É normal que elas apresentem sintomas como irritabilidade, medo, inquietação, tédio, desconcentração, sensação de solidão, alterações no padrão de sono e alimentação.

Manter a rotina das crianças com os horários certos de levantar, alimentar e dormir é fundamental. Muitos nesse momento estão com novas rotinas implantadas que passam pelos estudos, brincadeiras, jogos, também pelos vídeos (orientação que sejam limitados), atividades físicas, e afazeres domésticos para alguns. As famílias estão passando por um momento em que muitas coisas saíram do eixo. E haja criatividade para manter a criançada saudável! 

Mas é importante não perder de vista certas questões como: o que os acolhia antes da pandemia? O que faziam juntos e era o fator de laços familiares? Fazer do novo convívio um acolhimento.

Falar do adoecimento e da morte é tabu para muitas culturas. Na tradição budista, os pais do príncipe hindu Sidarta Gaudama (o Buda histórico) queriam protegê-lo dos sofrimentos humanos: nascimento, envelhecimento, doença e morte. É recorrente a negação ou a dificuldade em que muitas famílias lidam com as etapas e dores da vida do ser humano. 

E, assuntos tabus precisam ser resolvidos nos adultos para que os mesmo auxiliem seus filhos. As crianças são curiosas e questionam sobre as situações que estão passando nas suas vidas, ou, em outras observadas por ela. Falar claramente é importante se ela mostrar algum interesse pelo assunto. Isso respeitando a faixa etária. Muitos já ficaram atentos à alteração da rotina tradicional. Qual o motivo? A pandemia e suas consequências, não tem como fugir disso. Por mais difícil que isso possa parecer para os responsáveis, é melhor um diálogo do que a angústia do silêncio e da incompreensão dos fatos

Há cartilhas que explicam para as crianças sobre o coronavírus de fácil acesso na internet.
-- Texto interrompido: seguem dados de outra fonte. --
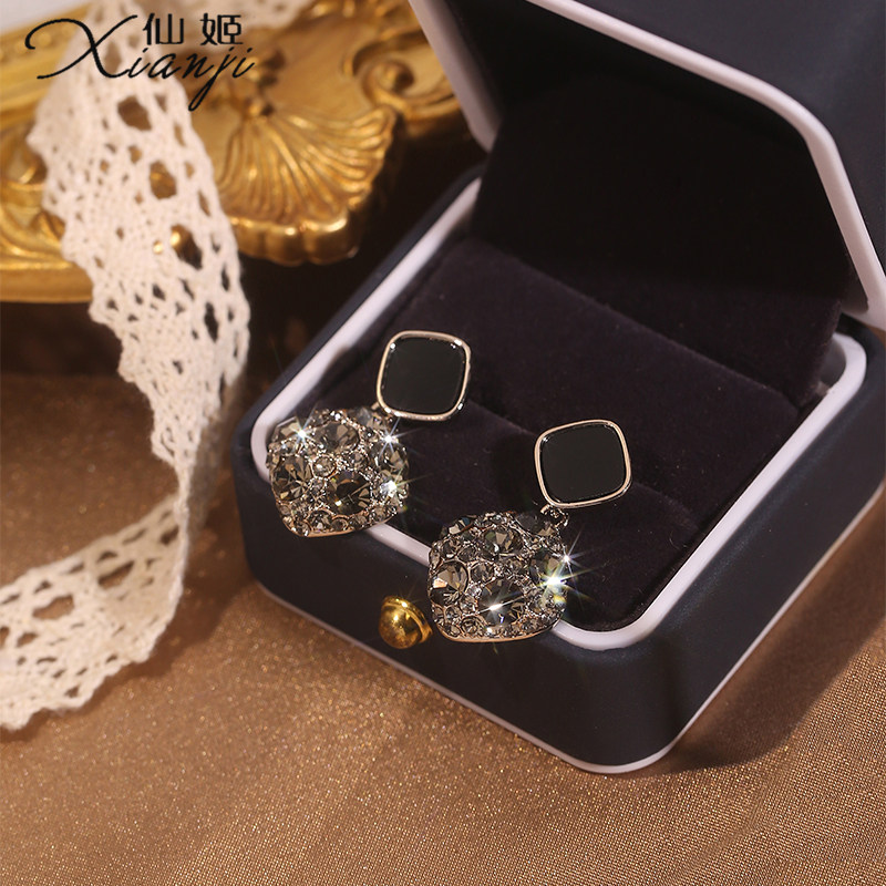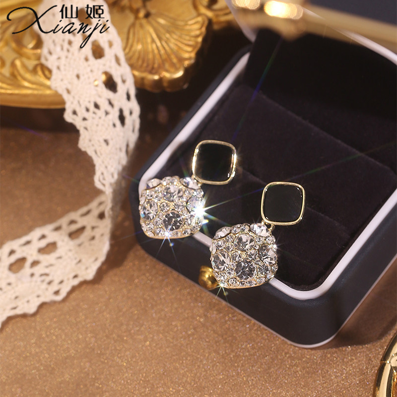 Korean temperament net red new high-end retro Hong Kong style geometric earrings female fashion all-match diamond earrings
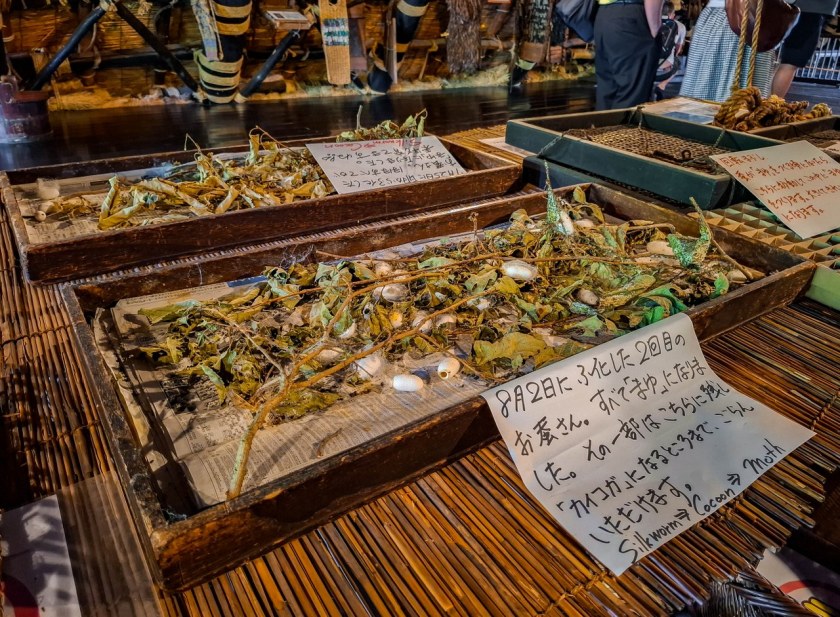 Wszystkie budynki można zwiedzać. W niektórych czekają na was ekspozycje, tak o historii nieistniejących już wsi, o życiu codziennym w dolinie, o rzemiosłach innych niż jedwabnictwo, jak macie chwilkę to w jednym z domów można obejrzeć nawet i film dokumentalny. Odkryjecie też, że nie zawsze trzeba było budować kilkupiętrowe domy by zapewnić jedwabnikom miejsce do pracy. Do tego w przestrzennych, gościnnych wnętrzach rezydencji rodziny Nakano Chojiro możecie napić się herbaty oraz spróbować słodkiego specjału zenzai, takiego zupo-deseru opartego na czerwonej fasoli adzuki z wkładką w postaci mochi. Czy zaskoczę was jeśli powiem, że i tu ludzi było jak na lekarstwo?

Em uma Live sobre luto do curso da FIOCRUZ, Saúde Mental e Atenção Psicossocial na COVID-19, a Professora Maria Helena Franco expõe como falar sobre a morte de uma pessoa para uma criança. Ela esclarece: “Ela não vai entender como o adulto entende. Mesmo que não consigam simbolizar na fala, defendo que temos de falar. A Criança não tem noção do nunca mais”.

Franco lembra sobre as diferenças culturais diante da morte, mas a palavra morreu deve ser usada anteriormente. Tudo bem se vierem posteriormente as explicações: “virou uma estrelinha” ou “foi visitar papai do céu”. A palavra antes é “morreu”. Para que a criança possa perguntar. Ela precisa confiar no adulto, não dá para contar uma história enrolada, pois isso pode comprometer a sua confiança no interlocutor.

Fui provocada e afetada pela causa de nossas crianças. Creio que temos muito a escutá-las e abrir a fala para questionamentos. É um momento muito delicado para todos. O inconsciente é sempre o infantil e nossas crianças estão sendo estruturadas diante de um susto (para não dizer horror) que a humanidade tem passado.

Vamos escutá-las, desenvolver a fala e construir laços num diálogo fluido e produzir saúde mental para elas.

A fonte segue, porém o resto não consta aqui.